Too many hit points???

Iron_Chef

Mongoose
Does anyone else think that Conan should put an even lower cap on hit points?

My players just hit third level with around 30 hit points each. There is a huge difference between 10 (1st), 20 (2nd) and 30 hit points (3rd), especially with a nice mail hauberk and steel cap (DR 7). Fights go longer, and while still scary so far, the PCs are starting to mow down opponents too easily for my taste... the dreaded D&D power escalation.

Some ideas I have for keeping combat terrifying:

OPTION 1
Hit points = CON + STR mod + Toughness feat. No HD/level. The only way to get more hit points is to raise your stats or buy the Toughness feat. Monsters, on the other hand, use HD as per standard rules.

OPTION 2
Hit points = CON + STR mod + Toughness feat + (CON mod + STR mod divided by 2 per level)

OPTION 3
Hit Points = CON + STR divided by 2 + Toughness feat. Variable hit points by class per level. Barbarians, Borderers and Soldiers gain 3/level from 2nd level on. Nobles, Nomads, Pirates and Tghieves gain 2 hit points. Scholars gain 1 hit point.
 
I can think of two reasons not to reduce HP any further.

Reason #1: Lots of HP fits the heroic mold Howard presented. Unless they take a deathblow, high-level characters can fight nearly forever, heaping piles of corpses about them.

Reason #2: The game is already deadly enough. Weapon damage is a lot higher, opponents are easier to hit (and so are you), and the Massive Damage threshold has been lowered to a mere 20 HP with a much more difficult save.

Of course, you've been running the game and I'm just serving as a rules analyst. But your first option seems way too cruel, and doesn't reflect a character's increasing skill in combat.
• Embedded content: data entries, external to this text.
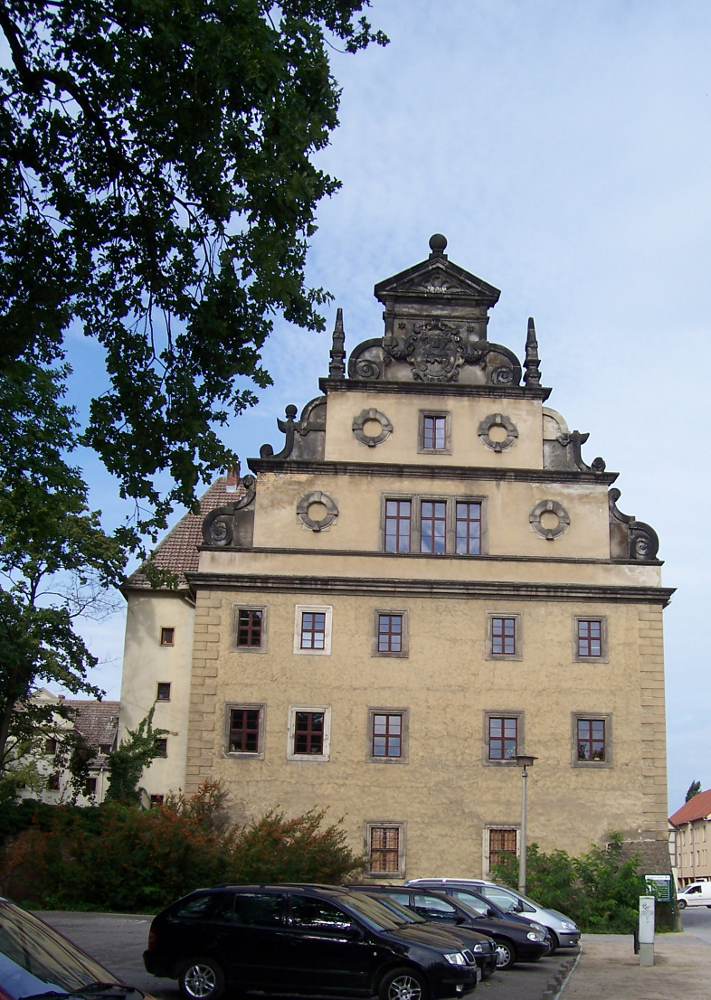 East facing side of Lutherhaus in Wittenberg, Germany
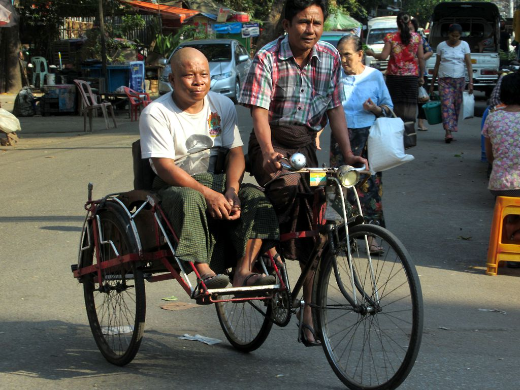 Though banned in the city center, cycle rickshaws are still a means of transportation on the back streets of Yangon, Myanmar (Burma).
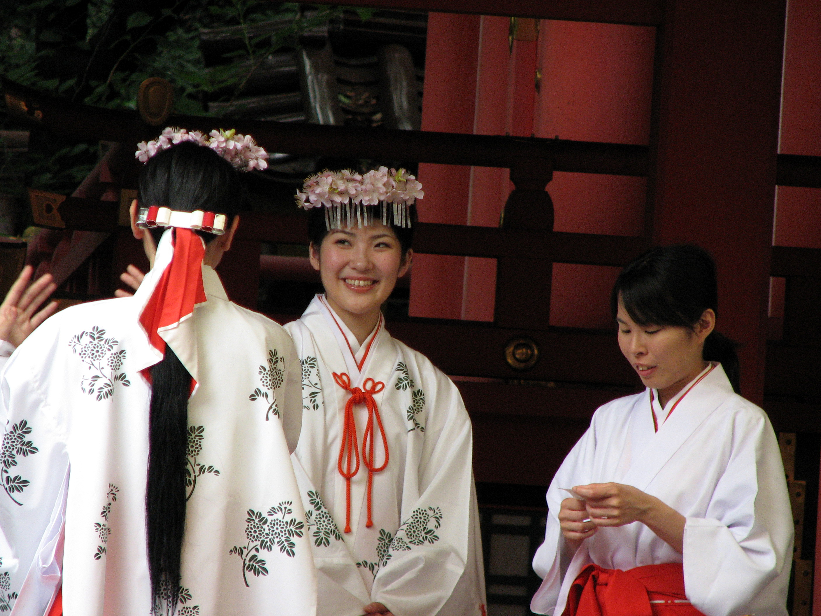 Miko at the Ikuta shrine, preparing for a wedding ceremony
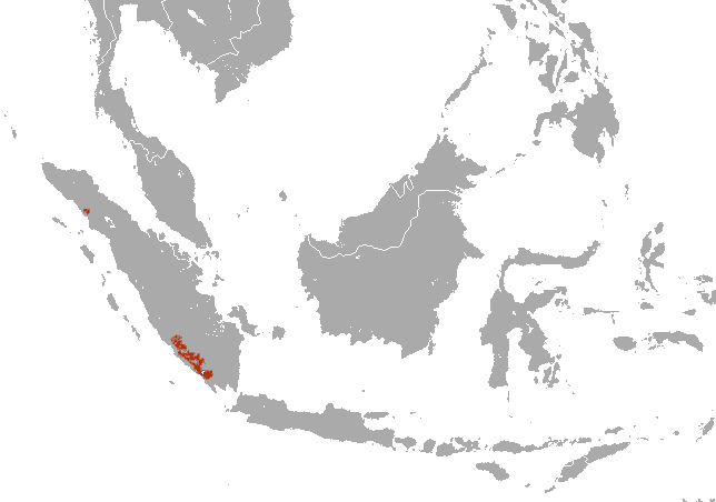 Sumatran Striped Rabbit (Nesolagus netscheri) range

The other two seem perfectly reasonable, though it looks like scholars will take it in the pants no matter what.
 
Something I thought was odd...

They up-gunned all the weapon damage... but also up-gunned the classes hit dice.

Why do both?

I would have reduced the hit dice (Scholar d4, thief d6, soldier d8, barbarian d10), and made Massive Damage equal to HALF YOUR CURRENT hit points.

-B
 
Bailywolf said:
Something I thought was odd...

They up-gunned all the weapon damage... but also up-gunned the classes hit dice.

Why do both?

I would have reduced the hit dice (Scholar d4, thief d6, soldier d8, barbarian d10), and made Massive Damage equal to HALF YOUR CURRENT hit points.

-B

The only mod I'm considering is lowering Massive damage. I'm considering one of these:
Attribute based (CON)
FIXED (10 or 15?)
Attribute Modified (10 + CON MOD)

Though I'm leaning towards the last one.
 
You can always use “Star Wars” system, also called “Vitality and Wound Points” in the new “Unearthed Arcana”. Basically you have your Con Stat as Wound Points and your hp are Vitality, which, is the classic hp ability of turning a direct hit into a glancing blow. Vitality works like normal hp until they are gone you start taking Wound Point damage. Taking Wound Point damage causes you to become fatigued and you have to save vs. being stunned, the worse the damage the harder the save.
The big catch is crits don’t do the damage multiplier anymore but instead go strait into Wound Points! Which makes a crit a very seroius thing indeed, no matter what your level. (Also in DnD normal “Cure Spells” don’t heal Wound Point damage, only Vitality, which tends to come back fairly quickly anyway)
There are a few more details of course but that is the crux of the biscuit, check out "Star Wars" or "Unearthed Arcana" for full details if you’re interested
 
Anonymous said:
You can always use “Star Wars” system, also called “Vitality and Wound Points” in the new “Unearthed Arcana”...

I have read about an alternate version of this (I can't recall which game uses it) in which Hit POints are kind of a 'reserve' of vitality.

You can take damage up to your Constitution (perhaps plus a point or two per level), and by resting or patching up your wounds you can move points from your big HP reserve into your small Vitality reserve...

It's more complicated than this, but makes for a game which is immediatly lethal, but one in which characters can somewhat recover between encounters even in settings with no healing magic...

Anyone know which d20 variant this is from?

-B
 
I'd say, instead of changing HP, change what you throw at them. I was very near a TPK last weekend with 6th level characters in full armor -- It may have gone worse for them if the gunderland soldier hadn't remembered that he should have had a higher DV due to his shield midway through combat -- I retroactively gave him 10 hp back as compensation and he ended combat with only 3 left!
 
Bailywolf, i think your thinking about reserve points from the unearthed arcana book. Reserve points do not help you in combat, however they help characters recover quickly after a battle, allowing them to continue on their adventure instead of having to stop and rest for a day after a combat encounter.